Бинокль и Монокль II

 
   Тихо, на спасенной ладье, в гавань вплывает старик.
3. Фрейд. "Толкование сновидений"

 
   Семен Фадеевич Юрков вошел в класс со своим неизменным потрепанным портфелем. Ученики - а в классе находились те из них, что были членами "Лит. кружка", - радостно заголосили, приветствуя старого педагога, которому принято было симпатизировать.

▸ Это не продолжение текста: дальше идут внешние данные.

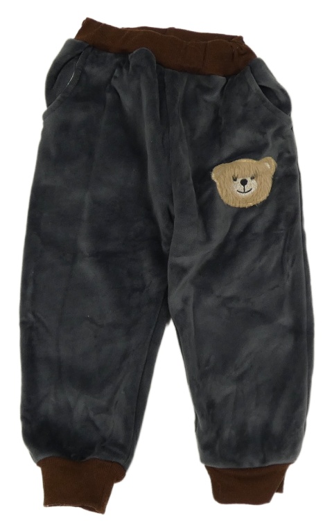 Tmavošedo/hnědé plyšové teplé tepláky s medvídkem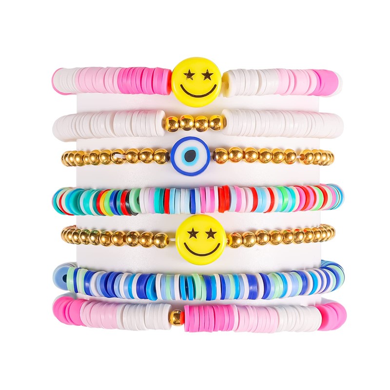 - Package Content: You will receive 7 pieces of colorful surfer bracelets in different elements, including colored clay, smiles, stars, faux pearls, evil eyes and so on. Unique and attractive.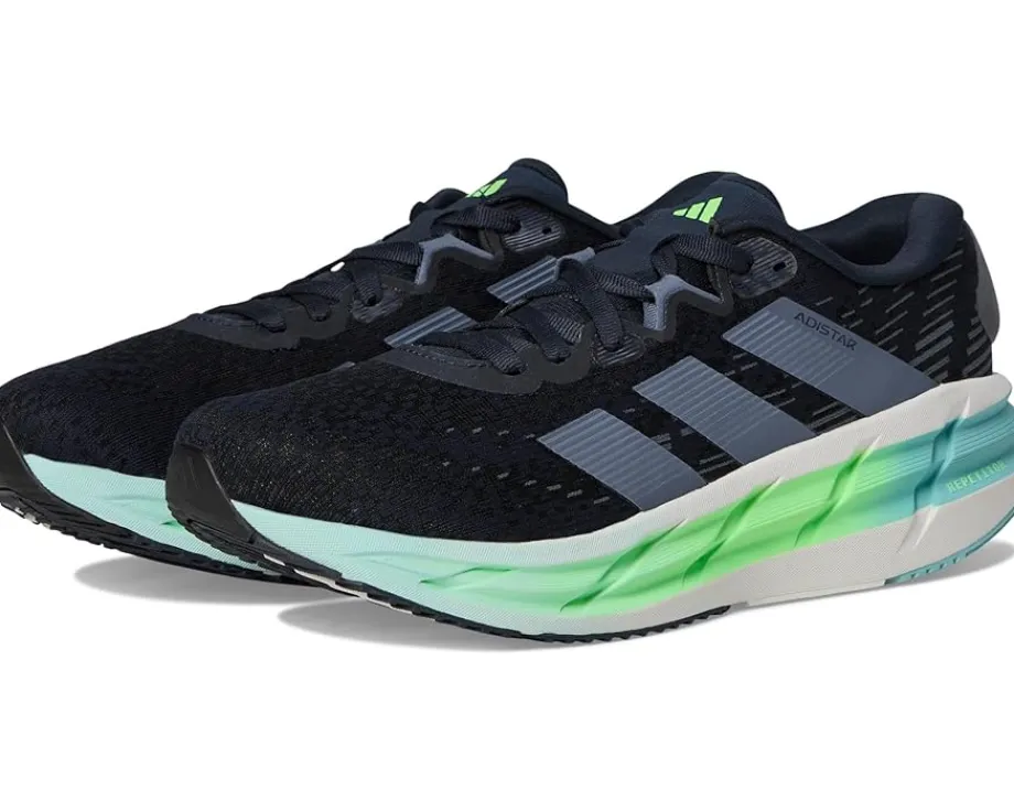 - The adidas® Adistar 4 Running Shoes deliver comfort and stability for long-distance training. These shoes provide lightweight cushioning with energy return, ensuring a smooth ride. The synthetic rubber outsole is built for high-mileage runs, offering reliable traction and support.

   Юрков поставил портфель на учительский стол, щелкнул замком. И извлек из глубины портфеля два предмета - один простой, другой несколько более сложный и тяжеловесный - круглую вогнутую стекляшку и тяжелый полевой бинокль времен Великой Отечественной войны, в черном кирзовом футляре. Эти предметы он торжественно поместил в центр своего учительского стола, на всеобщее обозрение. Затем он подошел к школьной доске, взял кусочек мела и размашисто написал крупными, четкими, округлыми буквами (он любил эффектно начинать свои уроки):
 
 
Девчонки, не бойтесь секса -
Хуй во рту слаще кекса!
 
 
   Класс зашумел. Девчонки, которых было большинство, залились румянцем и захихикали. Мальчишки загоготали. Юрков поднял плоскую, белую ладонь, призывая к тишине, и начал говорить:
   - Это рифмованное изречение я сегодня утром увидел нацарапанным на стене своего подъезда, среди других многочисленных сграфитти. Поскольку я направлялся сюда, к вам, и, конечно, внутренне готовился к нашему с вами разговору, я решился самонадеянно переместить этот афоризм с того места, которое отвела ему наша культура, - украсть ее из подъезда, где, как в пещере Платона, вечно царит полумрак, снять с мягких штукатурных поверхностей анонимного дискурса, которые столь податливы, столь готовы к тому, чтобы покрыться всевозможными татуировками. Я решился украсть эту мудрость и переместить ее в место, для нее непригодное - на черную доску, занимающую положение "царских врат" в нашей с вами часовне знания. Осуществив этот перенос, я осуществил своего рода инструментальную инверсию: то, что предназначено культурой к выцарапыванию на меловой мягкой поверхности с помощью ножа, теперь написано мягким мелом на твердой черной доске, с которой все написанное вскоре стирается. Знания легко приходят и легко уходят, уступая место другим знаниям - новейшим, усовершенствованным. Но фольклорные "понимания" желают быть врезаны в кожу вещей. У них нет истории, поэтому они въедаются в поверхность предметов. Как видите, я хочу еще раз обратить ваше внимание на материальность означающих, чьим означаемым является контекст как таковой. Все вы, я полагаю, прочли текст "Бинокля и монокля", о чем я просил вас накануне, поскольку сегодня - как вы помните - мы собирались побеседовать об этом тексте Ануфриева и Пепперштейна. Основным содержанием этого текста как раз и является описание простейшей инструментальной инверсии, вроде той, которую я только что вам попытался продемонстрировать - инверсии, которая становится возможной благодаря грубой материальности означающих. Конечно же, мы не только побеседуем об этом, но и поработаем с компьютерными программами, созданными нашими гениями-аниматорами - Таней и Герой.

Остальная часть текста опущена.